Limitations of this study include the fact that AI was ascertained through sources of automated data that rely on coding. This could have been biased in terms of over- or under-coding. For example, we do not have AR severity through echocardiographic data, as such, our study relied on diagnosis codes and health claims data. This limitation may have resulted in inclusion of patients with less severe disease in our cohort, contributing to the lower observed SAVR rates. We could only control for known confounders—largely of generalized illness—and lacked the ability to control for unknown confounders, ideally by mechanisms such as randomization, stratification, and matching. We used statistical modeling to control for the potential confounding effect of known variables with between-group differences. While statistical models controlled for several factors, models could not control for some variables that are not included in an administrative database, such as echocardiography results. A strength of the present study, however, is that the data reflect real-world patient characteristics and outcomes across the country as compared to evidence from controlled clinical trials.

Conclusions

In this retrospective, claims-based, real-world analysis involving 249,660 isolated AI patients, our findings revealed that 58.23% (145,378) presented with symptomatic disease at the time of their initial diagnosis, while approximately 50% of the remaining patients were projected to develop symptoms within the 5-year study duration.

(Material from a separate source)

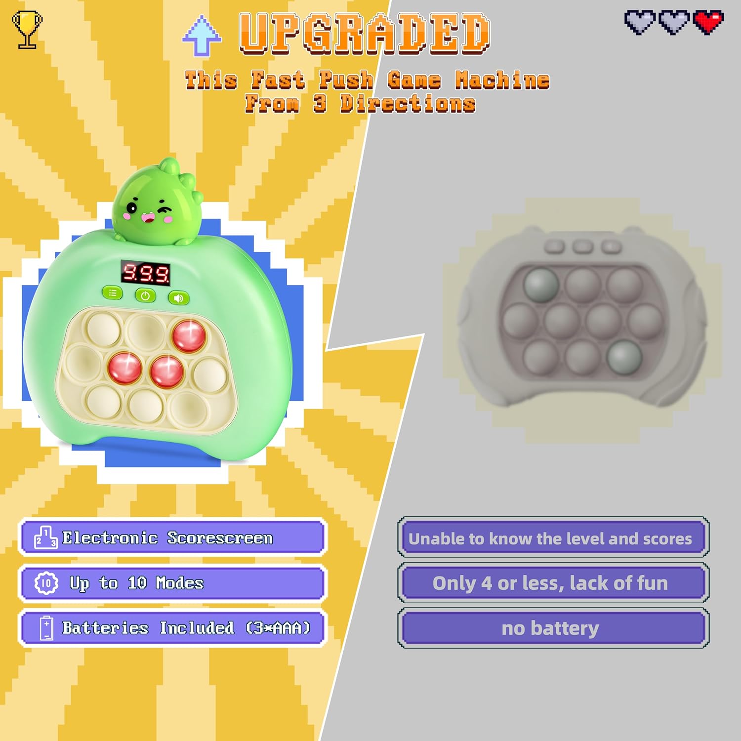 - LED Level Screen & Up to 10 Game Modes: This 2024 latest quick push game comes with 10 game modes, 3*batteries, an LED Screen that lets you know how many levels passed, an exquisite gift box & 999 level setting making it the perfect for players of all ages; It is a pop game machine that exercises reaction ability and improves concentration by pushing quickly to break through levels with lights & music, promoting players' sensory development

Remarkably, only a very small proportion (less than 1%) of symptomatic patients had any documented record of receiving a guideline-recommended intervention, such as aortic valve replacement.

This study demonstrates that patients with symptomatic AI have higher rates of mortality, reliance on home healthcare and SNF, and increased utilization of inpatient care, emergency room visits, and outpatient consultations, leading to an adjusted annualized cost difference of $6,394 between the two cohorts (SAI $54,982 versus AAI $48,588). These findings emphasize the urgent need to address this large clinical gap in optimal, timely care for patients with AI. It also emphasizes the need to develop other interventions that can effectively slow the progression of isolated AI. By addressing the disease progression, we can potentially alleviate the healthcare burden experienced by patients and healthcare systems alike. Implementing strategies aimed at early detection, appropriate management, and timely interventions, such as AVR, could significantly limit the adverse impact of symptomatic AI and its associated costs.